Chagas Disease in Dogs

Chagas disease in dogs is the result of infection by Trypanosoma cruzi, a protozoan parasite. This disease can spread from dogs to humans, and is considered a serious illness when it occurs in humans. Here's what you should know about Chagas disease, its spread, symptoms and treatment.

Chagas Disease Explained

Chagas disease is an infection caused by T. cruzi, a one-celled, parasitic microorganism. It's spreads through kissing bugs. The kissing bugs bite an infected host, and then T. cruzi develops within the bug's body. When the kissing bug bites again, it also defecates on its host. The kissing bug's fecal matter is infected with T. cruzi, and the T. cruzi parasites can enter the kissing bug's host through open wounds, like cuts or scrapes, or through orifices, like the eyes and mouth.

Once T. cruzi has infected a host, it begins to reproduce inside the cells of the host's muscles. This leads to cell rupture. Ruptured cells release the T. cruzi protozoa then enter the infected host's bloodstream, where they can be further spread by the kissing bug's bite.

The bite of the kissing bug is a common means of transmission, but animals may also catch this infection if they eat smaller infected hosts, or if they eat the infected kissing bugs themselves.
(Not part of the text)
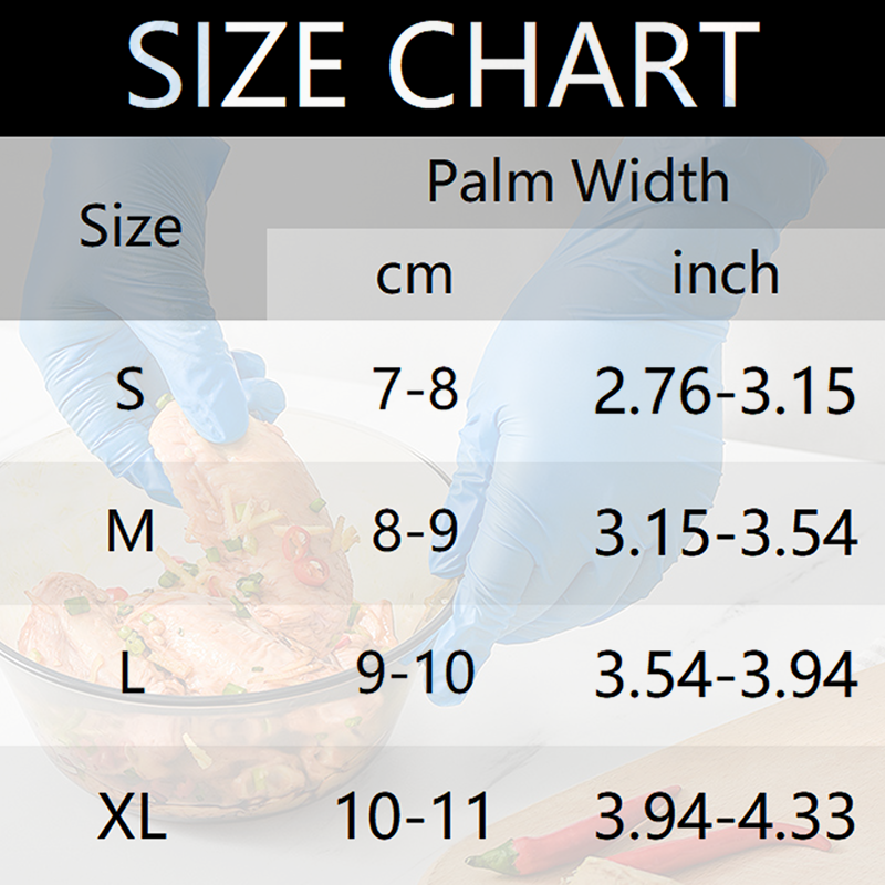 El paquete incluye: 1 * 100 guantes desechables de nitrilo aptos para uso alimentario.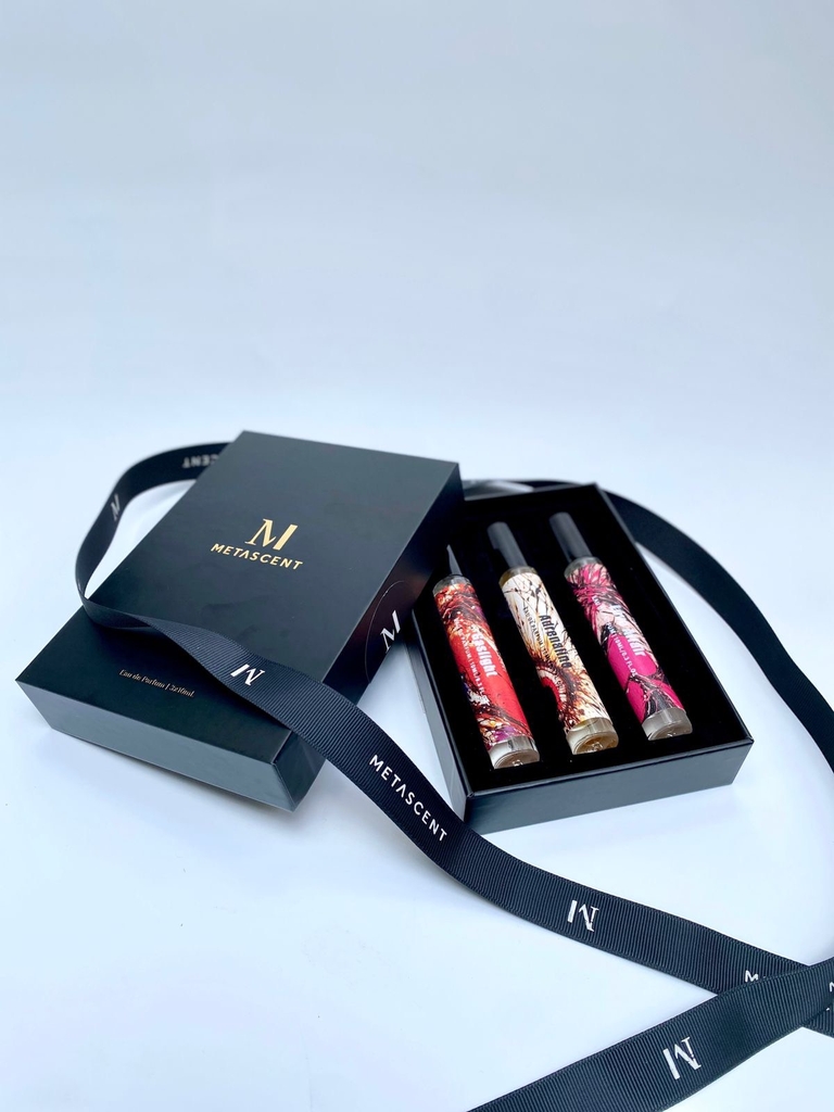 Enigma Mini Set bao gồm 3 mùi hương thuộc bộ sưu tập Enigma: Love Affair, Adrenaline và Gaslight.

Symptoms of Chagas Disease in Dogs

If your dog is infected with Chagas disease, he may never display any symptoms of that infection. When symptoms appear, however, they usually include:

  • Anemia
  • Weakness
  • Lack of coordination
  • Enlargement of lymph nodes
  • Enlargement of the spleen
  • Fever

T. cruzi can infect your dog's heart, causing rapid inflammation and sudden death, or slow heart failure and death. 

Diagnosing and Treating Chagas Disease in Dogs

Chagas disease can be difficult to diagnose definitively, because there usually aren't very many T. cruzi parasites in the infected animal's blood stream at any given point. Your vet may need a blood sample and a sample of lymphatic tissue for biopsy. Your vet may diagnose the infection via xenodiagnosis, a procedure in which requires feeding your dog's blood to a kissing bug and then dissecting the kissing bug to look for immature T. cruzi protozoa in its digestive tract.

Chagas disease in dogs cannot be cured. The disease is dangerous to humans, and can cause fever, lethargy and enlargement of the spleen and lymph nodes. Children most often develop a life-threatening, acute form of the infection, which damages the heart and brain. Adults usually develop a chronic form of Chagas disease, which causes digestive and heart problems, usually 10 to 20 years after the initial infection.

Because there is no cure for Chagas disease and it can be life-threatening to humans, most vets recommend that dogs with Chagas disease be put down in order to prevent outbreaks of the disease among humans. Chagas disease is most common in Central and South America, but it appears infrequently in the southern regions of the United States. The best way to prevent Chagas disease is to rid your environment of kissing bugs.